Gross and colleagues spent nearly 100 hours in the field specifically searching Tetratheca juncea flowers north of Sydney and did not see a single bee (Gross et al. 2003). In a replicate study, Driscoll also searched for a total of 100 hours but in longer intervals (2-3 hours cf. 15-25 mins in the Gross study), with a little more success (Driscoll 2003). Driscoll recorded an average of one bee approaching the flowers every two hours, although only eight bees were observed actually collecting pollen. In a 1999 study looking at affinities of different bee species with Tasmanian plants, foraging bees in three vegetation communities were sampled: coastal heath, dry sclerophyll forest and subalpine forest (Higgins 1999). A total of 500 bees were collected over 63 days of field work … and only three were found foraging on Tetratheca.
So, back to the flower. Tetratheca does not provide nectar and the pollen is hard to get at. The thick-walled, tubular anthers don’t split open at maturity. Each has an apical pore and as pollen matures and dries near the tip, restricted amounts become available for release.
Bees must hang upside down and vibrate the anthers to shake the pollen out through the small pore at the tip. The pollen grains are fine, the amount limited, the perch precarious.

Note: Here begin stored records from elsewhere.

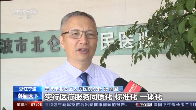 宁波市北仑区人民医院院长 张幸国:我们总院专家资源下沉,实行医疗服务同质化、标准化、一体化,建立省、区、乡、村四级医疗服务网络,来最大程度保障群众的健康。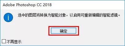 此时会弹出提醒框,直接单击确定启用智能滤镜就可以了。如果勾选左下角的不再显示复选项,则以后使用该功能时不再出现提示框。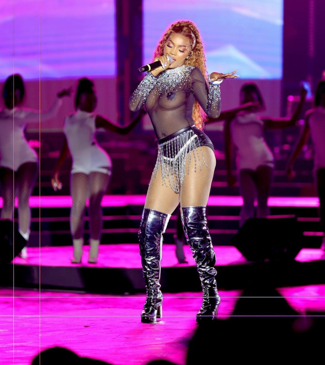 Ni Spice Dianna ukomoka mu gihugu cya Uganda, aho yagiye ku rubyiniro yambaye imyambaro yerekana amabere ye.

Why Tetratheca needs Aotus
Bees need nectar but Tetratheca doesn’t provide it. Instead, it capitalises on the nectar-filled flowers of nearby plants (Higgins 1999; Gross et al. 2003). Here in the forest, Aotus ericoides is doing the job nicely … attracting generalist bees and providing them with ample nectar. Occasionally one of these bees will switch to Tetratheca for a time, and that is all it takes.
With so few visits by pollinators, how does Tetratheca survive? Individual plants are quite long-lived, spreading clonally through offshoots. No seed needed for that.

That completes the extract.